REQUIRED WORK
Pictures are to be left out; everything else in the records must be repeated exactly.
*** DATA SUPPLIED ***
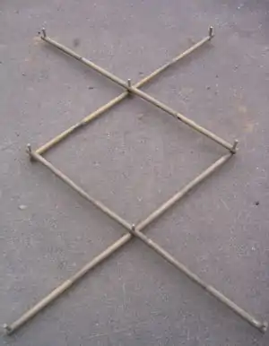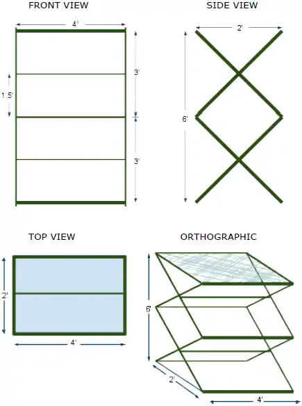 The general design is 2 main rectangles 3.6'x 4' divided into two squares by a horizontal piece. Each rectangle is then joined by a diagonal piece on ether side. Each bottom pole is tied to the leg of it's opossing side peice to prevent over expanding.
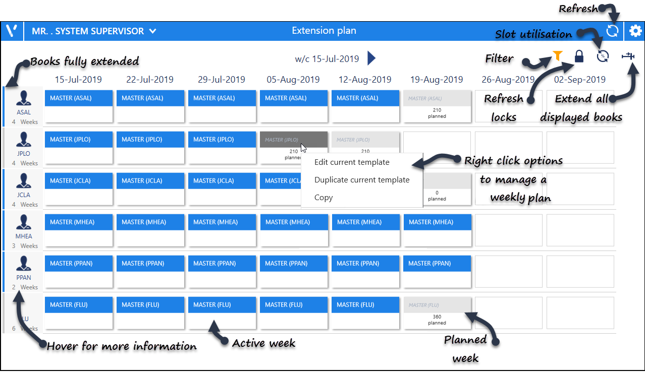 The Extension plan provides a snapshot of the appointment schedules, showing which weeks are active (blue), and how far in advance the books are extended.
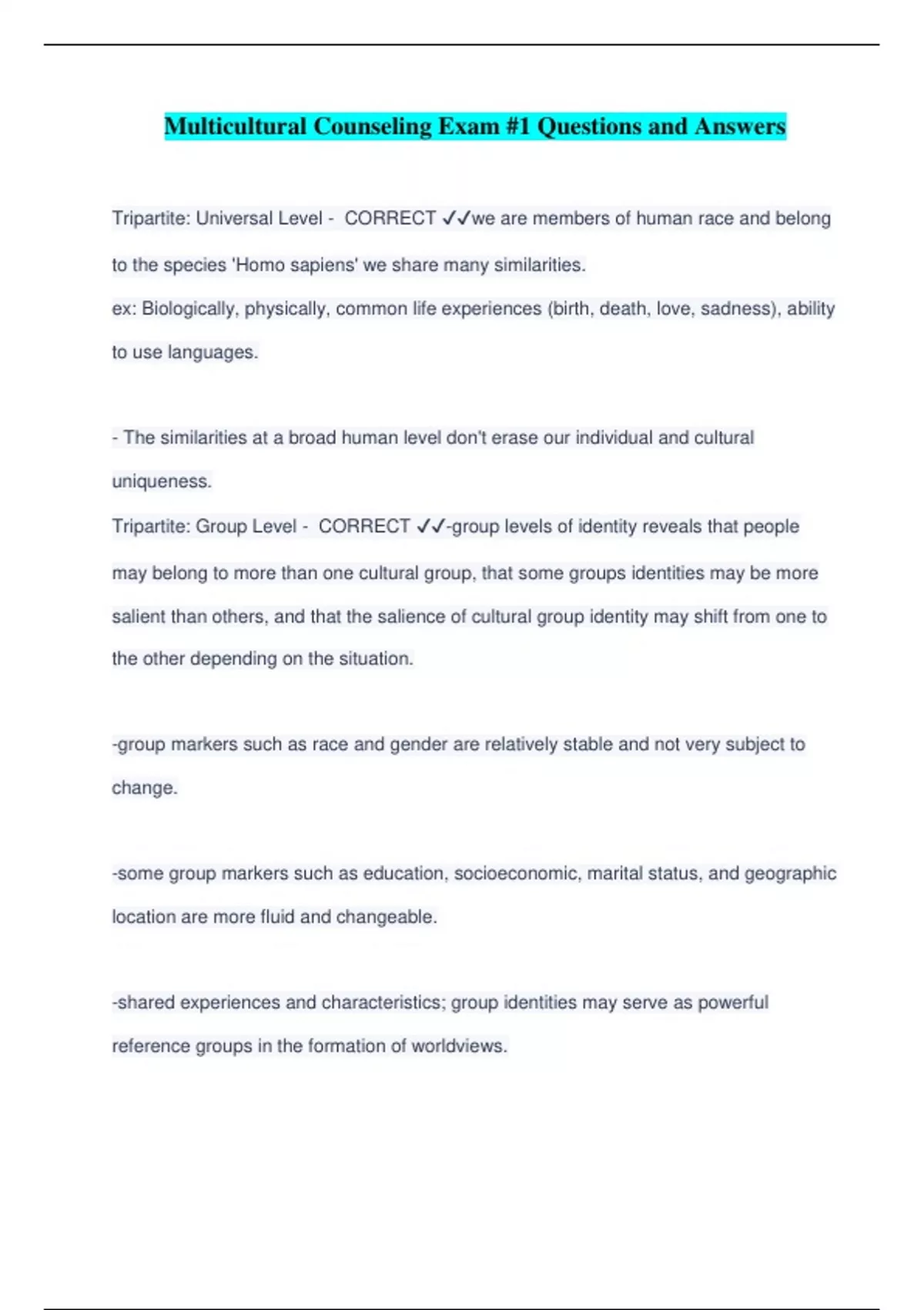 Multicultural Counseling Exam #1 Questions and Answers Tripartite: Universal Level - CORRECT ️️ we are members of human race and belong to the species 'Homo sapiens' we share many similarities. ex: Biologically, physically, common life experiences (birth, death, love, sadness), ability to use languages. - The similarities at a broad human level don't erase our individual and cultural uniqueness. Tripartite: Group Level - CORRECT ️️ -group levels of identity reveals that people may belong to more than one cultural group, that some groups identities may be more salient than others, and that the salience of cultural group identity may shift from one to the other depending on the situation. -group markers such as race and gender are relatively stable and not very subject to change. -some group markers such as education, socioeconomic, marital status, and geographic location are more fluid and changeable. -shared experiences and characteristics; group identities may serve as powerful reference groups in the formation of world
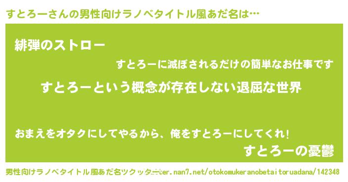 | 胡散臭い通販商品みたいなあだ名 | 『絶対に幸福をもたらす水素水…その名も「すとろー」』 |
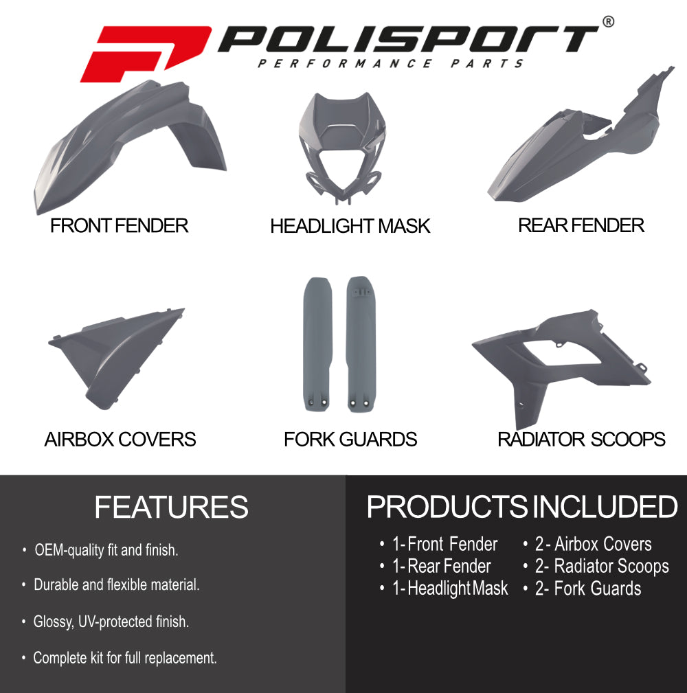Polisport Motocross (MX) Restyling Kit for Beta RR 2T/4T (2018-19) Dirt Bike – OEM Quality, Durable, Flexible & Perfect Fit – Nardo Grey
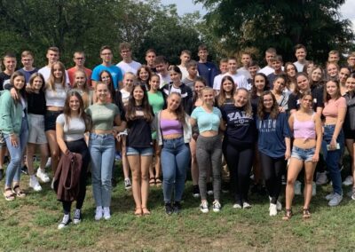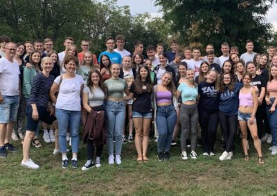 Idén 60 diákkal és 8 felnőttel vágtunk neki a két napos programnak. Ismerkedés, játékok, és hatalmas zenés buli várta a gólyákat, de a Porkoláb házaspárnak köszönhetően a lelki felfrissülés is megtörtént. Mély barátságok alakultak ki és az osztályközösségeknek is nagyon jó tett a két nap.
***
TASK ANSWER
 The general design is 2 main rectangles 3.6'x 4' divided into two squares by a horizontal piece. Each rectangle is then joined by a diagonal piece on ether side. Each bottom pole is tied to the leg of it's opossing side peice to prevent over expanding.
 The Extension plan provides a snapshot of the appointment schedules, showing which weeks are active (blue), and how far in advance the books are extended.
 Multicultural Counseling Exam #1 Questions and Answers Tripartite: Universal Level - CORRECT ️️ we are members of human race and belong to the species 'Homo sapiens' we share many similarities. ex: Biologically, physically, common life experiences (birth, death, love, sadness), ability to use languages. - The similarities at a broad human level don't erase our individual and cultural uniqueness. Tripartite: Group Level - CORRECT ️️ -group levels of identity reveals that people may belong to more than one cultural group, that some groups identities may be more salient than others, and that the salience of cultural group identity may shift from one to the other depending on the situation. -group markers such as race and gender are relatively stable and not very subject to change. -some group markers such as education, socioeconomic, marital status, and geographic location are more fluid and changeable. -shared experiences and characteristics; group identities may serve as powerful reference groups in the formation of world
 | 胡散臭い通販商品みたいなあだ名 | 『絶対に幸福をもたらす水素水…その名も「すとろー」』 |
Polisport Motocross (MX) Restyling Kit for Beta RR 2T/4T (2018-19) Dirt Bike – OEM Quality, Durable, Flexible & Perfect Fit – Nardo Grey
 Idén 60 diákkal és 8 felnőttel vágtunk neki a két napos programnak. Ismerkedés, játékok, és hatalmas zenés buli várta a gólyákat, de a Porkoláb házaspárnak köszönhetően a lelki felfrissülés is megtörtént. Mély barátságok alakultak ki és az osztályközösségeknek is nagyon jó tett a két nap.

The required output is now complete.